Word for word, copy the lines from the one with "種子島の早期水稲は3月下旬か" to the last line of the data below, counting both, and keep every picture out.

***** GIVEN INFORMATION

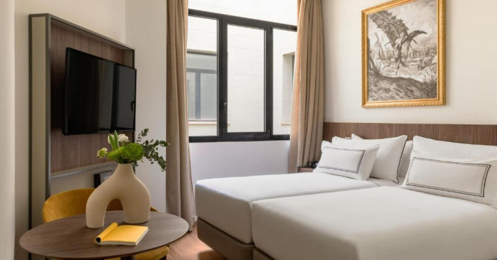 This splendid city hotel is situated at the pulsating heart of Madrid. The hotel enjoys an enviable location just a few steps away from the Prado Museum and within easy access of the treasure trove of captivating cultural and historical attractions this mesmerising city has to offer. Guests will find the Gran Via and Puerto del Sol within easy reach of the hotel, while the Atocha train station, which is situated just 500 metres away, places other tourist attractions within easy reach. The hotel enjoys a stunning architectural style which exudes sophistication. Guests are tempted into the regal elegance of the hotel interiors, which provide a serene ambience. The guest rooms are beautifully decorated, featuring luxurious style and rich wooden furnishings. The rooms offer a relaxing sanctuary away from the bustle of the city which lies just outside.Datorita dinamicitatii domeniului disponibilitatea ofertelor se modifica de la un moment la altul. De aceea ofertele sunt valabile in limita locurilor disponibile. Agentia nu este responsabila pentru eventualele neconcordante care pot aparea intre informatiile privind tarifele si alte detalii din site si informatiile primite in agentie. In aceste cazuri vor avea prioritate, intotdeauna, informatiile primite in agentie.
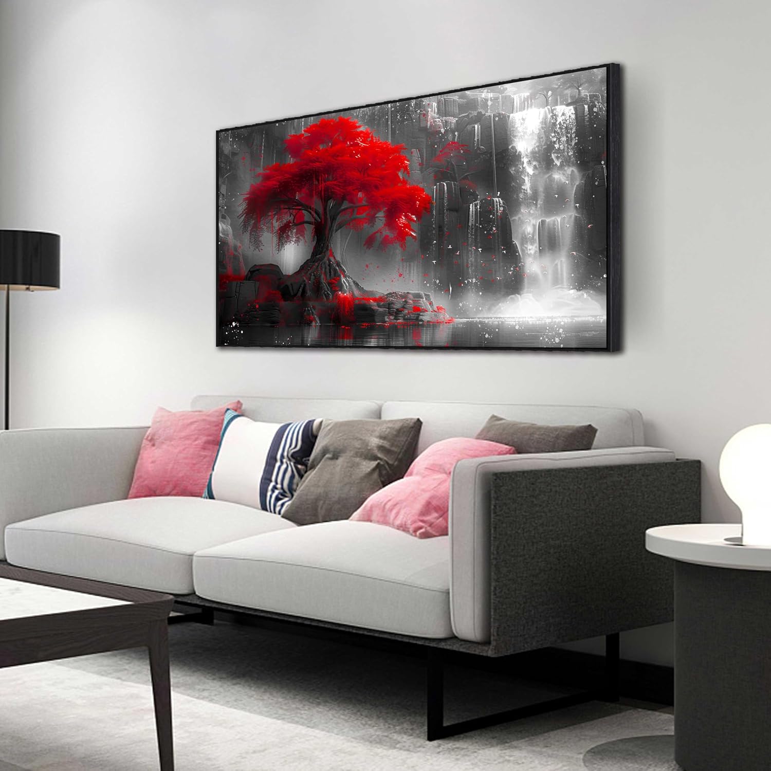 Tree Wall Art for Living Room, Waterfall Wall-Decor for Bedroom, Black White and Red Canvas Print, Large Size 29x59 Inches Framed
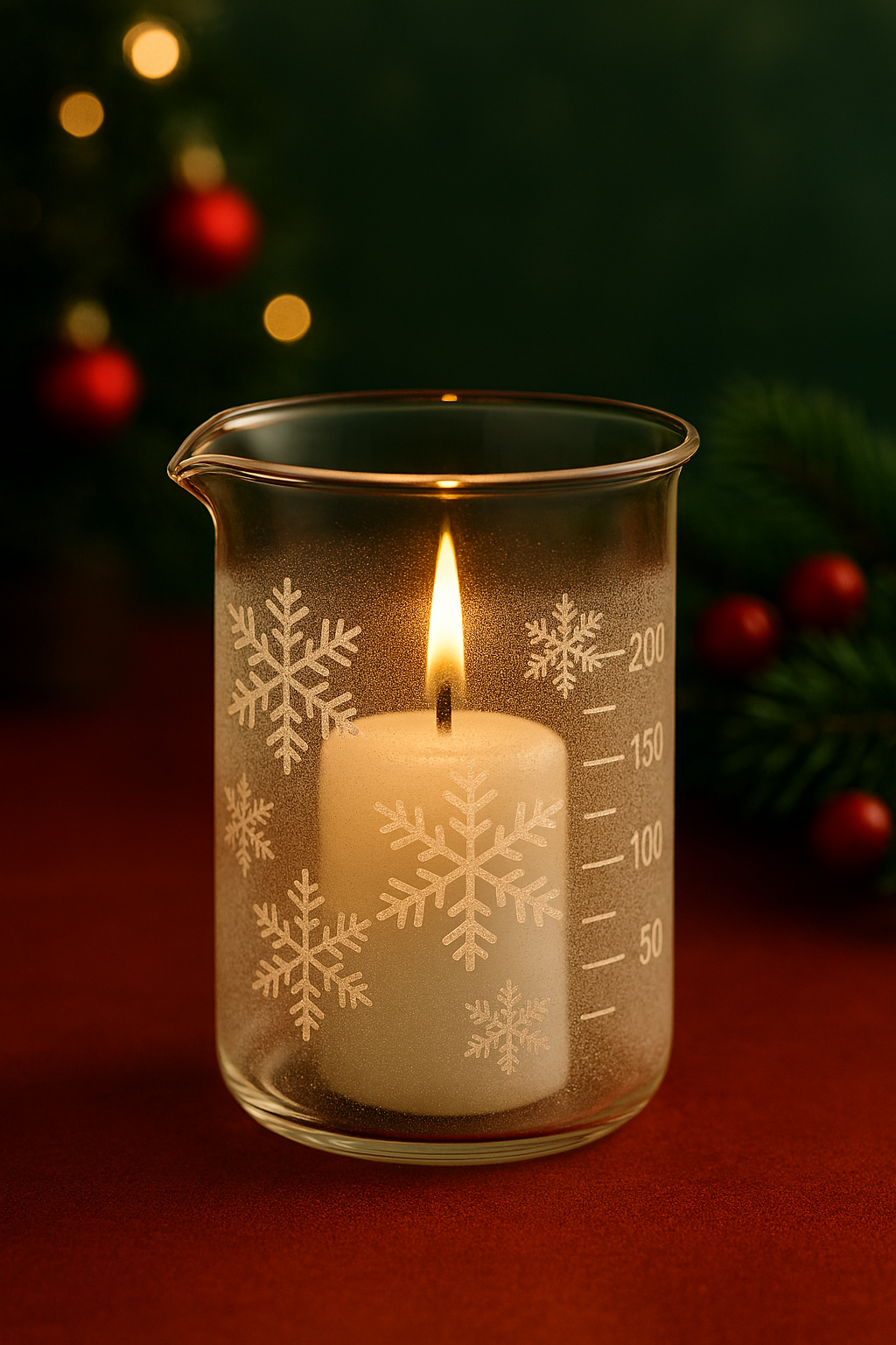 「実験室のビーカーが、クリスマスのキャンドルホルダーに変身!
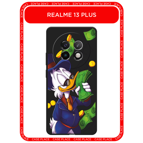 Черный матовый чехол на Realme 13+ / Реалми 13+ с принтом Scrooge McDuck with Money
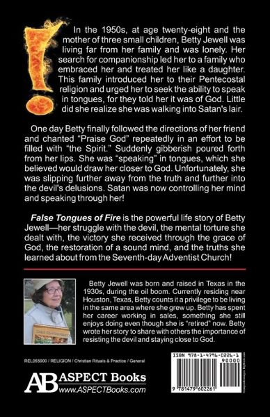 In the 1950s, at age twenty-eight and the mother of three small children, Betty Jewell was living far from her family and was lonely. Her search for companionship led her to a family who embraced her and treated her like a daughter. This family introduced her to their Pentecostal religion and urged her to seek the ability to speak in tongues, for they told her it was of God. Little did she realize she was walking into Satan's lair. One day Betty finally followed the directions of her friend and chanted "Praise God" repeatedly in an effort to be filled with "the Spirit." Suddenly gibberish poured forth from her lips. She was "speaking" in tongues, which she believed would draw her closer to God. Unfortunately, she was slipping further away from the truth and further into the devil's delusions. Satan was now controlling her mind and speaking through her! False Tongues of Fire is the powerful life story of Betty Jewell-her struggle with the devil, the mental torture she dealt with, the victory she received through the grace of God, the restoration of a sound mind, and the truths she learned about from the Seventh-day Adventist Church!
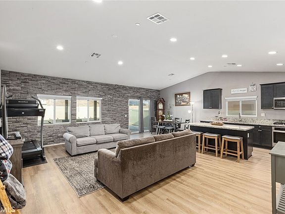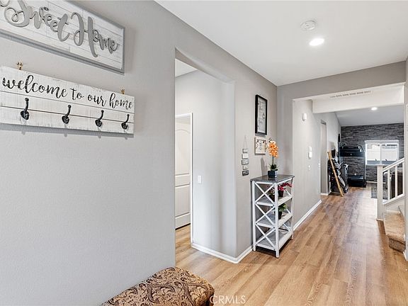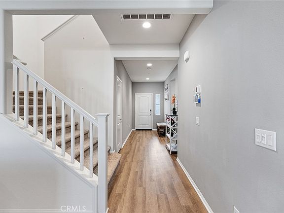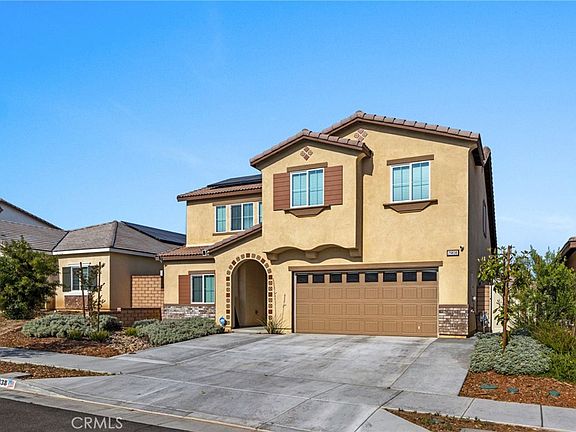 Welcome to your dream home in the desirable Audie Murphy Ranch community in Menifee! This stunning 2021-built home by DR Horton offers 2,519 sq ft of living space, featuring 5 bedrooms, 3 bathrooms, and a 2-car garage with overhead storage racks rated for up to 1000 lbs each. Upon entering, you're greeted by tall ceilings, recessed lighting, and durable LVP floors throughout the main living areas. The home boasts drought-tolerant landscaping with Wi-Fi-enabled Rachio 3 Smart Sprinkler Controllers and leased solar panels for energy efficiency. The main floor lives like a single story, with two bedrooms downstairs, including a spacious master suite. The master bedroom features upgraded carpet, a large walk-in closet, and an en-suite bathroom with dual vanities, LVP floors, and a spacious shower. An additional main floor bedroom with upgraded carpet and a full bathroom with a shower complete this level. The open-concept Great Room is flooded with natural light and offers ample space for entertaining. It seamlessly connects to the dining area and a gourmet kitchen, appointed with upgraded granite countertops, dark cabinets, stainless steel appliances, a walk-in pantry, and a large kitchen island. Upstairs, you'll find an extra-large loft that can serve as a movie room or additional living space, complemented by upgraded carpet throughout the entire second floor. Three spacious bedrooms on this level include one with a walk-in closet and two with standard closets. A secondary bathroom features a dual vanity, LVP floors, and a shower-tub combo. Step outside to your beautifully landscaped backyard with artificial turf, custom stone pavers, and a large Alumawood patio cover complete with two lighted fans. Enjoy mountain views from the front and backyard, custom drainage, and a stamped cement sidewalk extending from the backyard to the front for easy access to trash cans. The front and side of the house showcase custom stonework, and the extended stamped driveway adds to the home's curb appeal. Audie Murphy Ranch offers resort-style amenities, including heated pools/spa, clubhouse, meeting/banquet rooms, hiking/biking trails, sports courts for tennis, basketball, and soccer, a skate park, and highly-rated schools. Conveniently located between the 15 and 215 freeways and close to new shopping centers, this home is perfect for modern living. Don't miss this opportunity to own a beautiful home in one of Menifee's premier communities. Schedule your tour today!
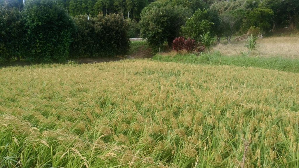 種子島の早期水稲は3月下旬から4月上旬に田植え、7月下旬から8月上旬に刈取をします。ですが吟のさとは6月中旬に田植えを行い10月上旬に刈取を行います。これだけの時期がずれています。ここまでずれると水の管理問題がおき水を入れる時期と水をぬいて乾かす時期が真逆になります。ですので単独で水の管理ができる田んぼを叔父からかりました
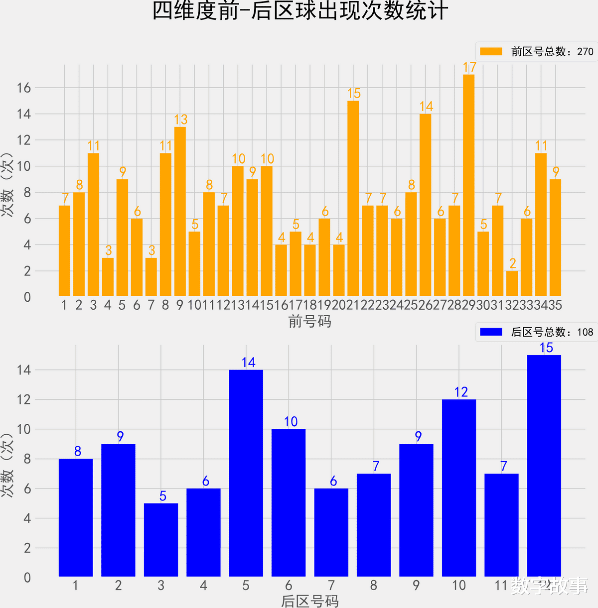 => 统计出现概率综合以上4个纬度的号码,共54期根据出现次数,分为热号,冷号,其他的为温号。统计样本数据: 270个前区号码 108个后区号码

**********

• _WRITTEN RESPONSE_
 種子島の早期水稲は3月下旬から4月上旬に田植え、7月下旬から8月上旬に刈取をします。ですが吟のさとは6月中旬に田植えを行い10月上旬に刈取を行います。これだけの時期がずれています。ここまでずれると水の管理問題がおき水を入れる時期と水をぬいて乾かす時期が真逆になります。ですので単独で水の管理ができる田んぼを叔父からかりました
 => 统计出现概率综合以上4个纬度的号码,共54期根据出现次数,分为热号,冷号,其他的为温号。统计样本数据: 270个前区号码 108个后区号码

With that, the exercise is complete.